Plasmonic Metamaterial Perovskite Solar Cells: Fundamental Tradeoffs, Limitations, and Opportunities
Kwangjin Kim, Seungwoo Lee

TL;DR
This paper investigates the potential and limitations of incorporating plasmonic nanoparticles into perovskite solar cells to enhance their efficiency, using theoretical models to understand the fundamental tradeoffs involved.
Contribution
It provides a theoretical analysis of how plasmonic nanoparticles can affect perovskite solar cell performance, highlighting the fundamental limits and opportunities.
Findings
Dispersing plasmonic NPs can increase the effective refractive index of perovskite.

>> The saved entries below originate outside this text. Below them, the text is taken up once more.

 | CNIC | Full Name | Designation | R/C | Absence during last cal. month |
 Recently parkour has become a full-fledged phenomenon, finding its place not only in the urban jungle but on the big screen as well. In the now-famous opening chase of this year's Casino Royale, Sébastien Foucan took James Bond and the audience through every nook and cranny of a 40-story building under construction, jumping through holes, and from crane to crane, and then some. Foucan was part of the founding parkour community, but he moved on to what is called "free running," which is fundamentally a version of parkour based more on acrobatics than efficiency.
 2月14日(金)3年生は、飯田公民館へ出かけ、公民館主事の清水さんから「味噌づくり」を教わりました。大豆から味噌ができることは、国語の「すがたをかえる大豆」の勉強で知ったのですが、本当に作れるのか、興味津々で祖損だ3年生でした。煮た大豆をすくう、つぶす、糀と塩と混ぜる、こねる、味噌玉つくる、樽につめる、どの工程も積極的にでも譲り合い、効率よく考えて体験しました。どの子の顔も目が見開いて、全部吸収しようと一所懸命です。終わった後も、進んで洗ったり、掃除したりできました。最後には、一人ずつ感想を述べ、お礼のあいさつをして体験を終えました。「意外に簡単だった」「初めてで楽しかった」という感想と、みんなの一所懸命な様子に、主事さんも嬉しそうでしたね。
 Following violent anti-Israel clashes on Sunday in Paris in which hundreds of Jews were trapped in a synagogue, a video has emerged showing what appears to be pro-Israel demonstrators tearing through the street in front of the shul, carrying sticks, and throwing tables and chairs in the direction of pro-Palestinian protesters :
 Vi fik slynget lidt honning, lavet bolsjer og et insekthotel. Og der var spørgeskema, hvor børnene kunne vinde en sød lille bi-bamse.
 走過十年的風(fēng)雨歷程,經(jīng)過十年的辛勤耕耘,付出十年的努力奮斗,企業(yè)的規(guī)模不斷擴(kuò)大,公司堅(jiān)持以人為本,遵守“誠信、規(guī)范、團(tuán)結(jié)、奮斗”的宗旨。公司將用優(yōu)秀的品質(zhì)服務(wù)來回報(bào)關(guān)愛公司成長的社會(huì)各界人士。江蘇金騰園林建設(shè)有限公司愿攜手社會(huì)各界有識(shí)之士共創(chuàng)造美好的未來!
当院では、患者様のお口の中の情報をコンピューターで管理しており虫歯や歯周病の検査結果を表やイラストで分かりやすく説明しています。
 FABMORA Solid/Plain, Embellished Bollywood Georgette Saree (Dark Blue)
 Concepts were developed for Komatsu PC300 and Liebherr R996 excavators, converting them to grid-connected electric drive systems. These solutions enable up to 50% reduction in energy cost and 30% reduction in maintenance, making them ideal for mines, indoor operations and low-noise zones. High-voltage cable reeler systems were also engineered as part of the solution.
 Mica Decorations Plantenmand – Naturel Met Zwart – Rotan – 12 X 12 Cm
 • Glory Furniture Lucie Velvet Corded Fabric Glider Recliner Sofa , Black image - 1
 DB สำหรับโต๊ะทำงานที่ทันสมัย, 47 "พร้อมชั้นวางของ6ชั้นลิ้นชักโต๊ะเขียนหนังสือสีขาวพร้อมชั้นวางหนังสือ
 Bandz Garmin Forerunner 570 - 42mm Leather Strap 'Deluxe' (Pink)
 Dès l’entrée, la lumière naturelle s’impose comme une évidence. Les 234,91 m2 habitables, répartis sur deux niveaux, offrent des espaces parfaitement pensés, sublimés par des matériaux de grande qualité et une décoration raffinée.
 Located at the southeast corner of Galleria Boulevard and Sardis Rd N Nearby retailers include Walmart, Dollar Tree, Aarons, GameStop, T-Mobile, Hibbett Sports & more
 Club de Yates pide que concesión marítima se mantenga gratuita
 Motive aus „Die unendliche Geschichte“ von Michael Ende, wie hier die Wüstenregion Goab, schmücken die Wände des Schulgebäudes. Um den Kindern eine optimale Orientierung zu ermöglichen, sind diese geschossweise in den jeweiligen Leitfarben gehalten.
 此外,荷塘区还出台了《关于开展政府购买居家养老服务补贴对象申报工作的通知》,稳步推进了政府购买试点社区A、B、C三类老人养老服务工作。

Enhanced near-field intensity from NPs can theoretically improve light absorption.
There are fundamental tradeoffs and limitations in using plasmonic NPs for efficiency gains.
Abstract
Whether dispersal of plasmonic nanoparticles (NPs) within a perovskite active layer can increase the efficiency of solar cells is a long-standing question. It is well known that inclusion of metallic NPs in an active layer can boost the surrounding near-field intensity around them owing to the dipolar localized surface plasmon resonance (LSPR, also called antenna effect), which can increase light absorption by solar cells. However, the use of plasmonic NPs in perovskite solar cells has been barely reported, and it is not known whether inserting plasmonic NPs into a perovskite active layer produces any performance advantage compared with a pure perovskite counterpart. We explore the fundamental and practical limits of plasmonic metamaterial perovskite solar cells by applying effective medium theory and a detailed balance analysis. Our results indicate that an increase in effective…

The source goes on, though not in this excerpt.